Technically full stack includes front end. So really it all depends on how well someone actually understands that layer. Like I know some dev-ops and some ml-ops, but to do dedicated either I'd need a fair bit of work.

Ultimately it depends on the job requirements. Some places you'd be fine just knowing react, css, typescript, etc. No matter your title if you stay on the surface like that you stay junior.

Dedicated senior front end should really understand how browsers actually work. Should be able to build various libraries and frameworks using raw js, but know to avoid that if at all possible. Should have worked with at least a few ui-frameworks.
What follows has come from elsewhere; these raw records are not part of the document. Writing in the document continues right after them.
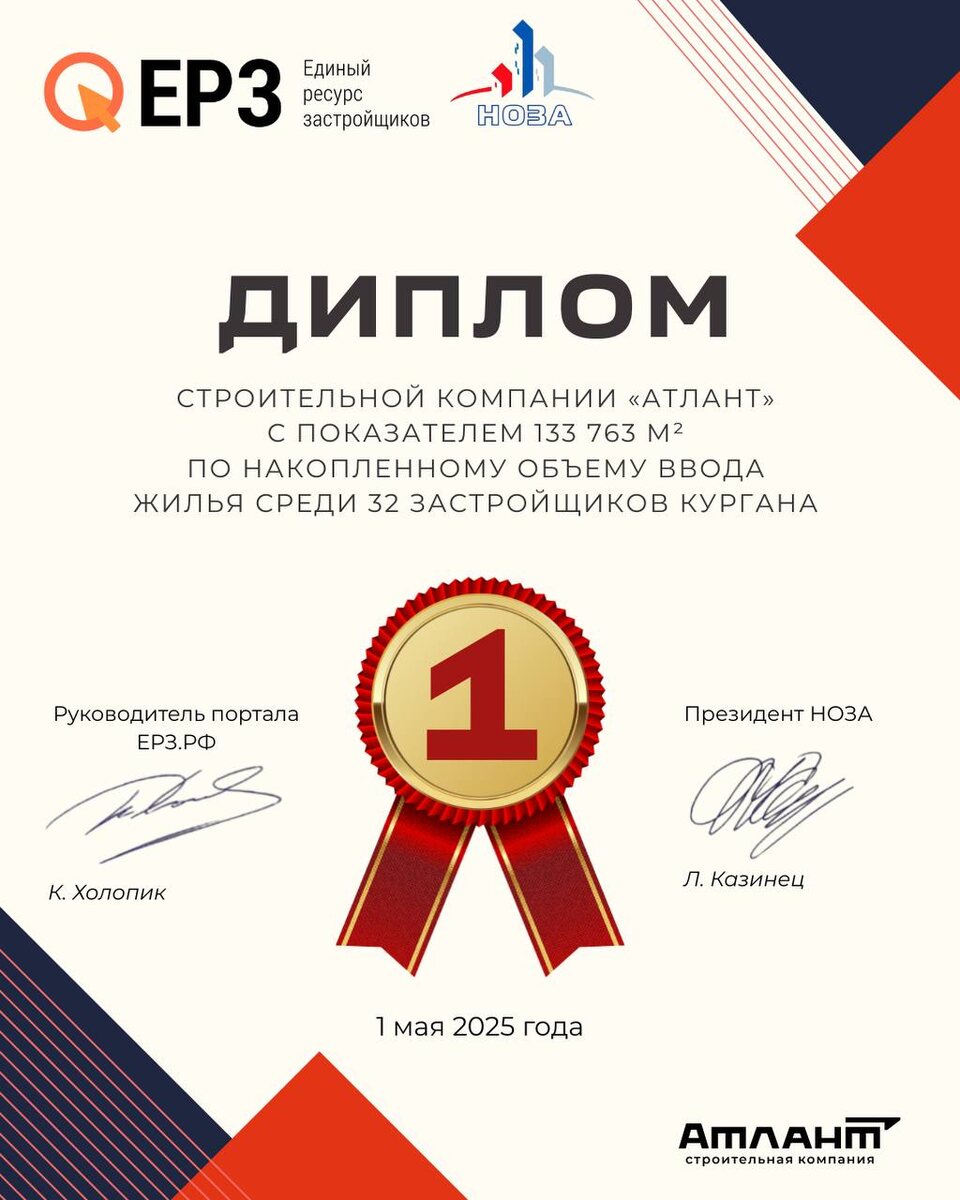 🥇 Строительная компания «Атлант» — ТОП-1 среди всех застройщиков Кургана по объему ввода жилья Продолжаем удивлять и радовать вас новостями нашей компании! Главный портал застройщиков ЕРЗ.РФ опубликовал свежий отчет от 1 мая 2025 года по объему введенных в эксплуатацию квадратных метров жилья с 2016 года. 🏆 «Атлант» занял первое место с показателем 133 763 м² — это 20 сданных многоквартирных домов в городе Кургане. Это достижение для нас — не просто цифра, а подтверждение того, что мы движемся в правильном направлении. Мы всегда стремимся расти, делать лучше и качественнее. Для нас важно не только быть лидерами, но и, в первую очередь, оправдывать доверие жильцов, которые выбирают наши дома для своего счастливого будущего. Поэтому только вперед — к новым задачам, высотам и проектам, которые меняют облик любимого города и задают новый уровень жизни 🔝
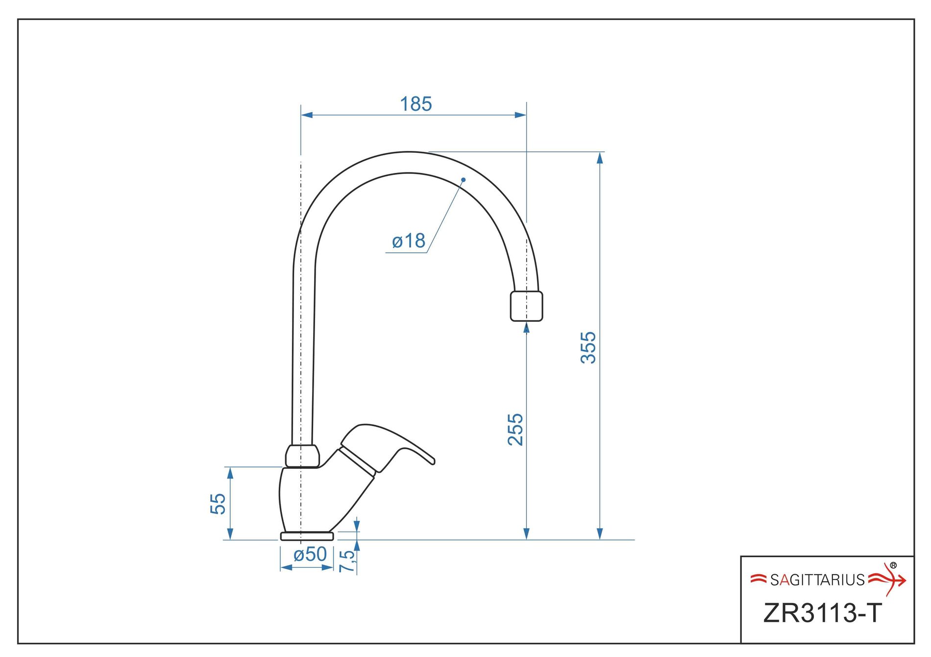 Dřezová stojánková baterie ZORA s ramínkem „T“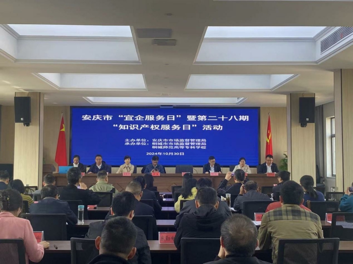 為深入學習貫徹習近平總書記考察安徽時提出的“加快科技創新和產業轉型升級”的重要指示精神,著力發揮知識產權在提升和保護原始創新能力、發展新質生產力和實現高水平科技自立自強等方麵的支撐性作用,10月30日上午,“宜企服務日”暨第二十八期“知識產權服務日”活動在桐城市市場監督管理局舉辦。此次活動由安慶市市場監管局主辦,桐城市市場監督管理局和桐城師範高等專科學校承辦,安慶市市場監管局黨組成員、副局長金鑫出席活動並講話,桐城市30餘家企業和部分服務機構受邀參加活動。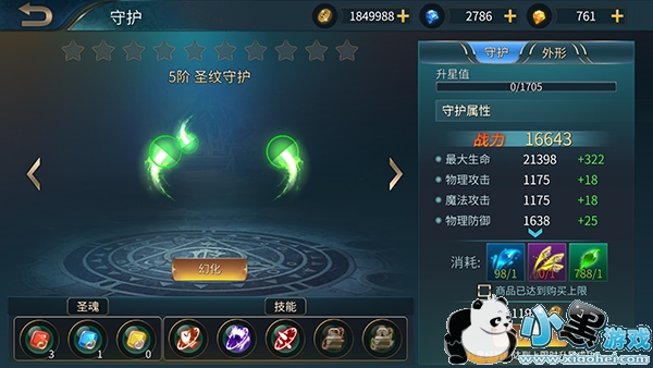 守护开启后会提升角色各项属性,并且还能对圣物进行幻化,打造个性的守护外形。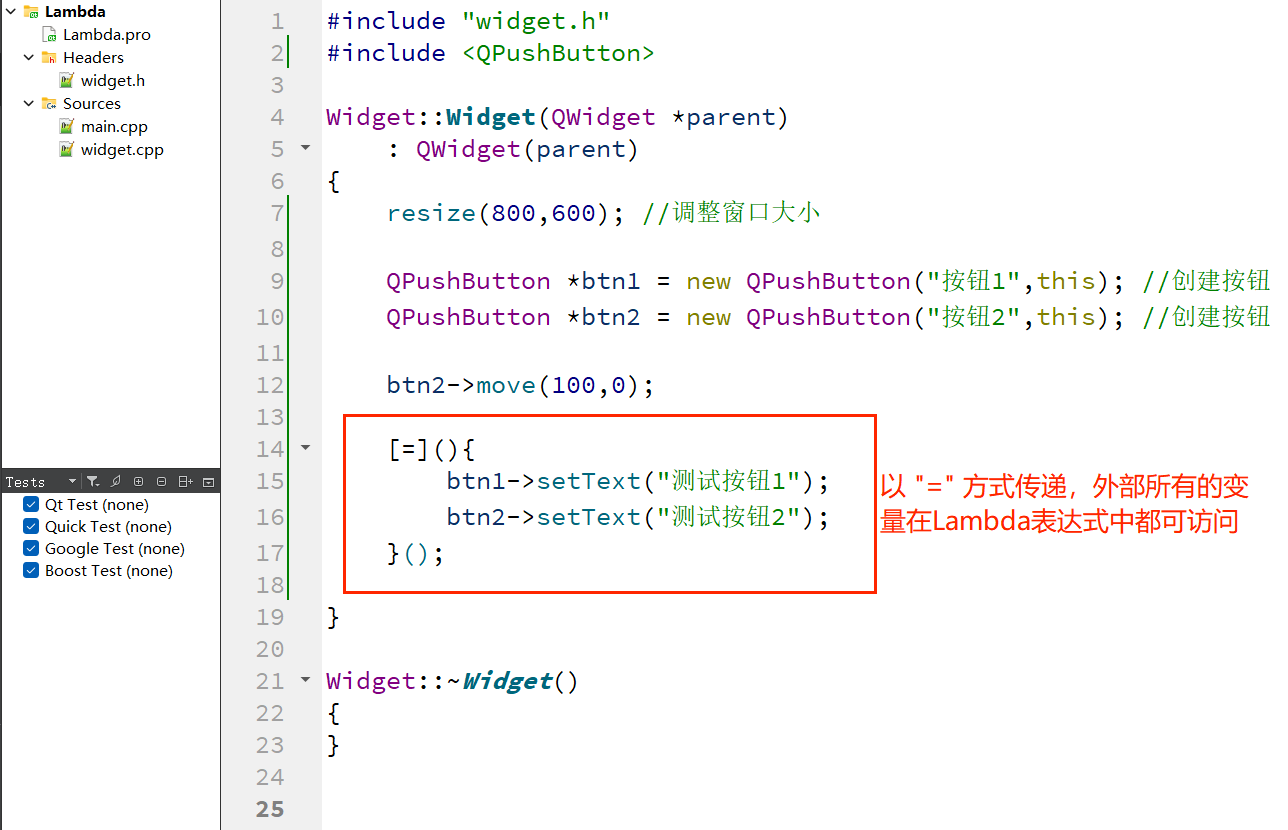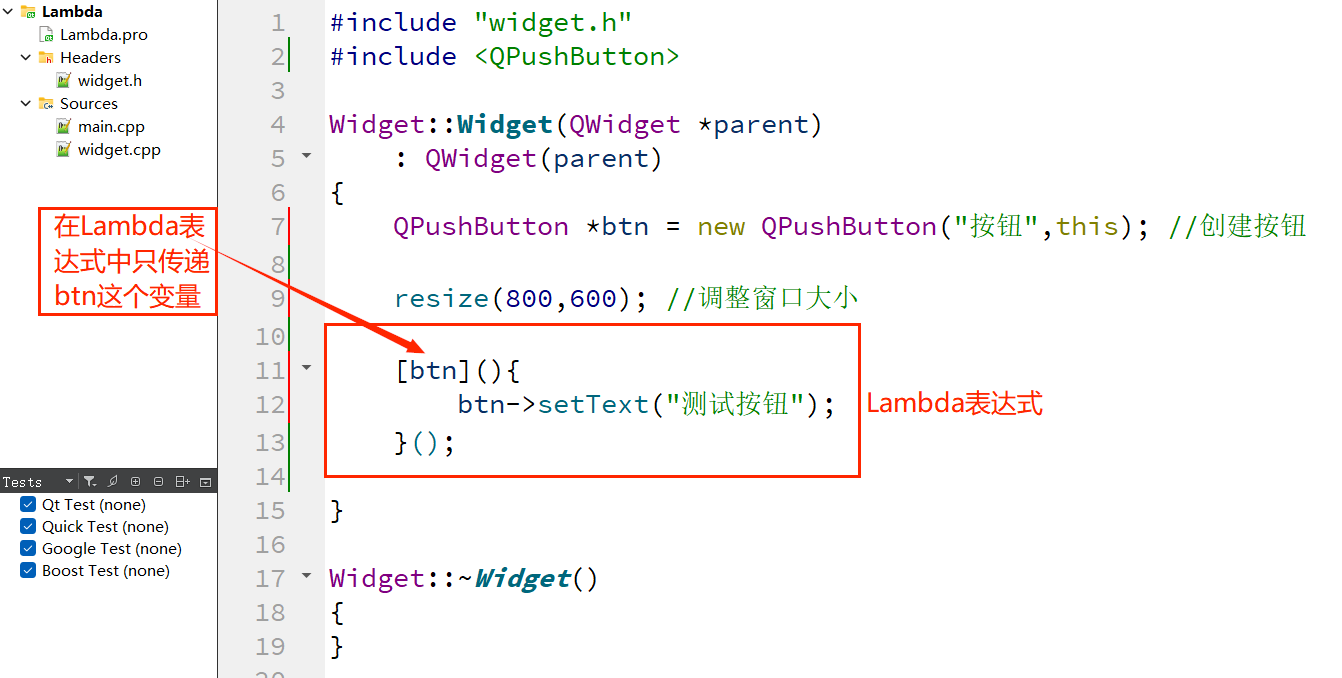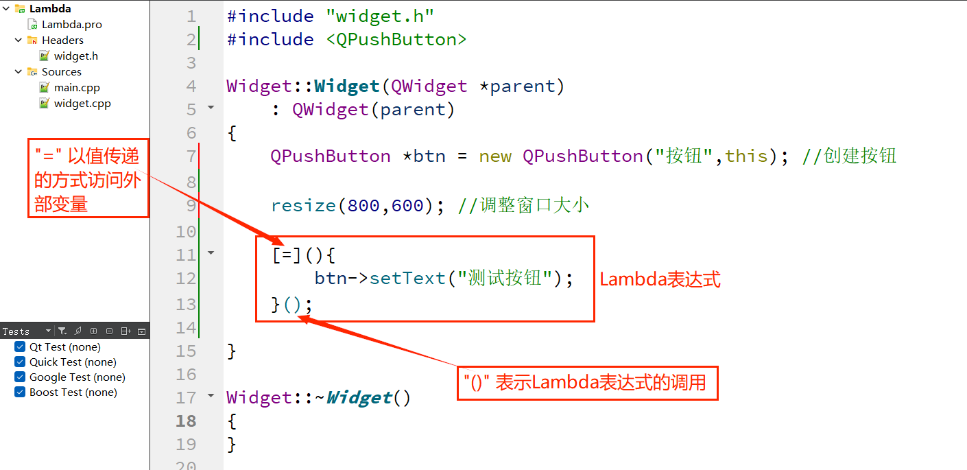 Qt5 引入了对 C++11 Lambda 表达式的支持,允许直接在connect函数中定义槽函数的逻辑,无需单独声明槽函数。这种方式特别适合简单的槽逻辑(如一行代码),能极大简化代码结构。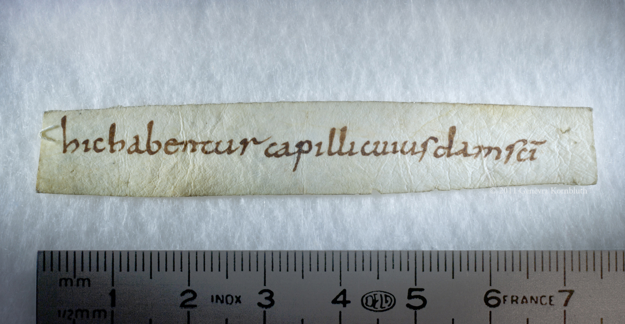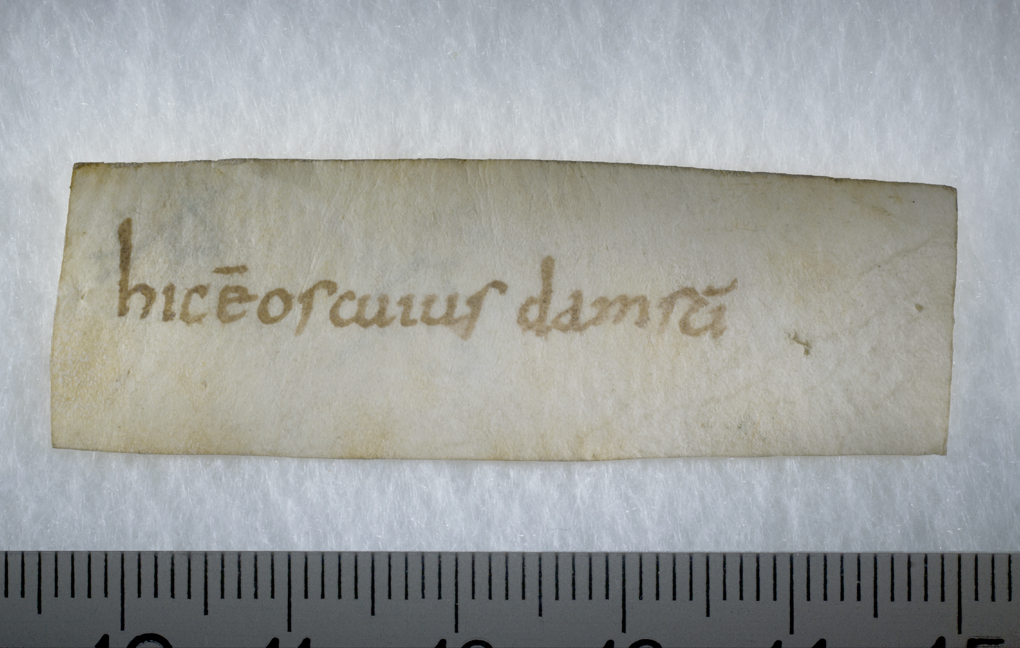 Carolingian relic label, obverse, Sens CT library J81 (Chartraire 154)

Should understand workers, sockets, events, shadow dom, css build as part of or separate from webpack build, webpack build, canvas, various common patterns for handling async like observables/promises/acid, functional and OOP, render cycles, debouncing, various local storage/cookie based ish, typescript, node, etc.

Really the main thing is about learning how to handle complex, non-linear state. Everything I mentioned is about state, and most apps need to be rearchitected from scratch because the designs are different. Unless you're working on boring stuff hahah.

Then there's all the design and UX stuff one should be at least a little familiar with.

And if you want to do web specifically there's a bunch of ish for that. You can build internal apps with the above.

>Have you experienced this kind of career change?

Hmm well I started out a barely trained full stack dev, then went nearly dedicated front end for a few years, so kinda? Front end is more complicated and takes constant work to stay on top of. That's what makes it fun. And also terrible and I'm never going back no matter how much people keep asking irl.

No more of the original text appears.